At NopSec, we have performed extensive security research and assessments against complex AI agent architectures utilizing Model Context Protocol (MCP) tools—including our own in-house solutions. What we observed was a sobering reminder that while the technology is cutting-edge, the vulnerabilities remain classic: over-trust, permissive defaults, and the dangerous fallacy of treating a language model as a security firewall.

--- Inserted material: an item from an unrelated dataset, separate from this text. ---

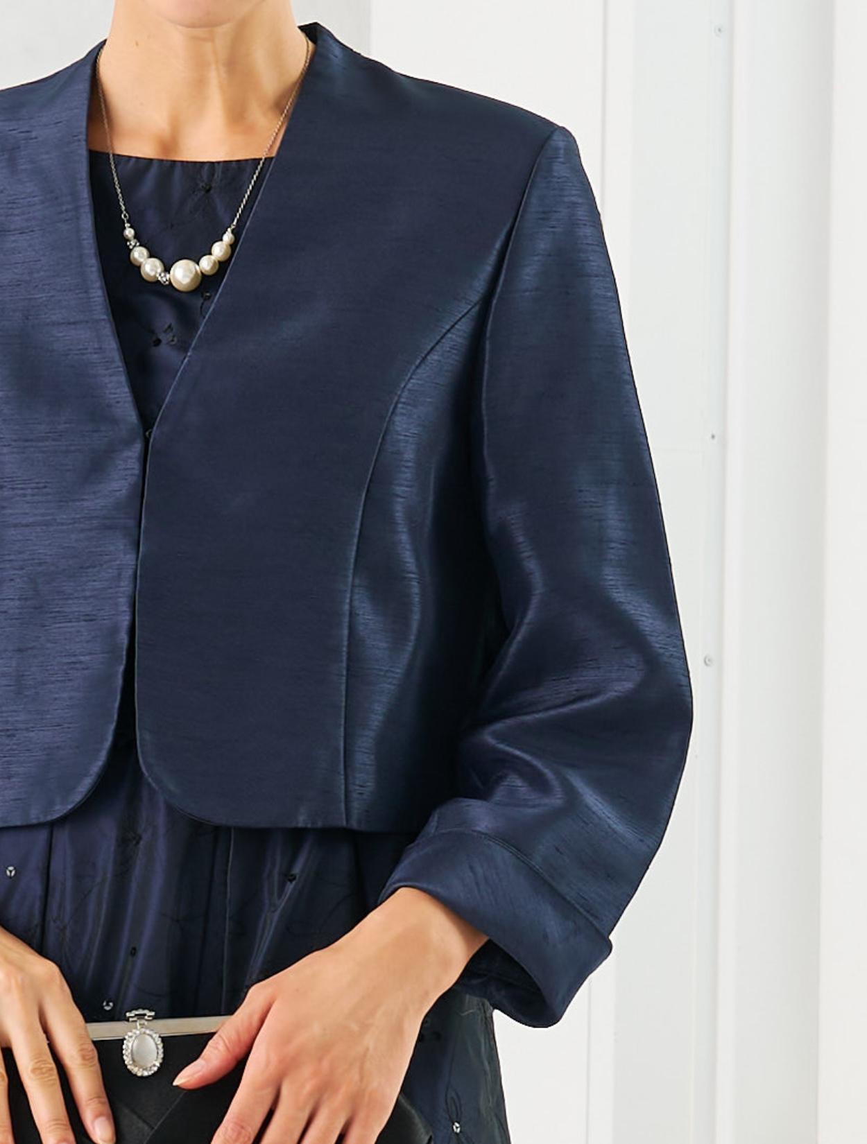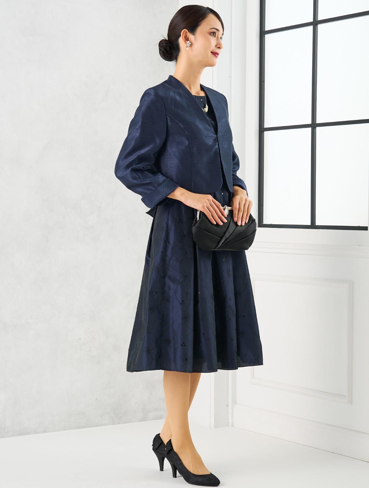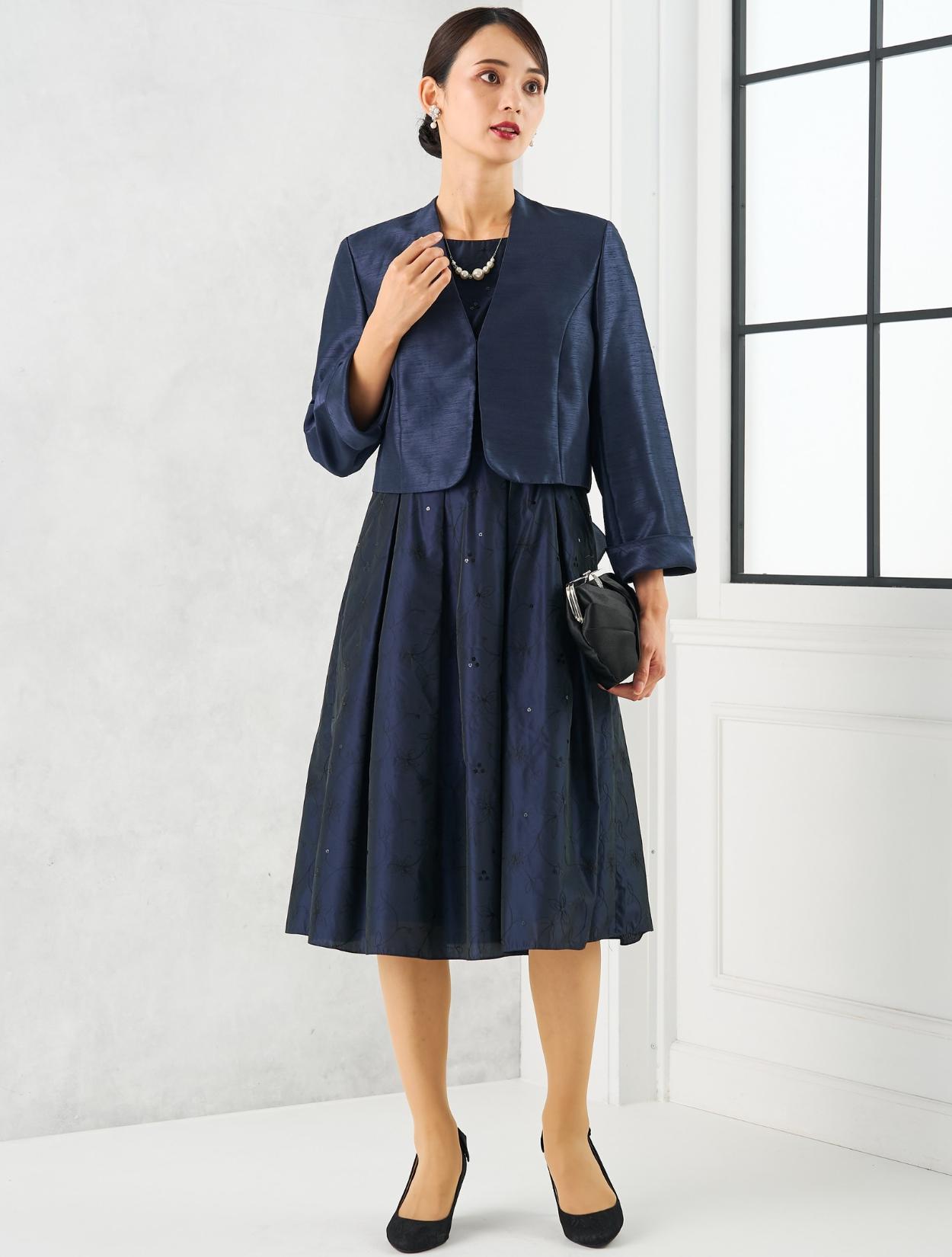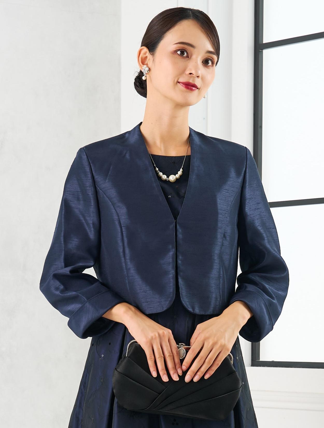 ネイビーのドレスにネイビーのジャケットを合わせた親族向きのコーディネート。単色でまとめたコーデは、フォーマル度もアップするので、特に親族におすすめです。ドレスの生地もジャケットの生地もしっかりしていて高級感があるので、格式ある会場でも心配いりません。

Methodology: Probing the Agentic Trust Boundary

When assessing AI agents, we cannot look at the LLM in isolation. We must evaluate the Agentic Workflow—the ecosystem of “tools” and “servers” that allow the AI to interact with the real world (databases, file systems, and APIs).

Our assessment methodology focuses on the “Handshake” between the AI and its tools:

• Tool-Layer Authentication: Can we bypass the AI interface to interact directly with the underlying tool APIs?
• Input Sanitization: Do the tools rely on the AI to “behave,” or do they implement their own protection against traditional vectors like command infection or direction object references?
• Adversarial Coercion: Can we use social engineering tactics to “jailbreak” the AI’s system instructions and force it to abuse its own permissions?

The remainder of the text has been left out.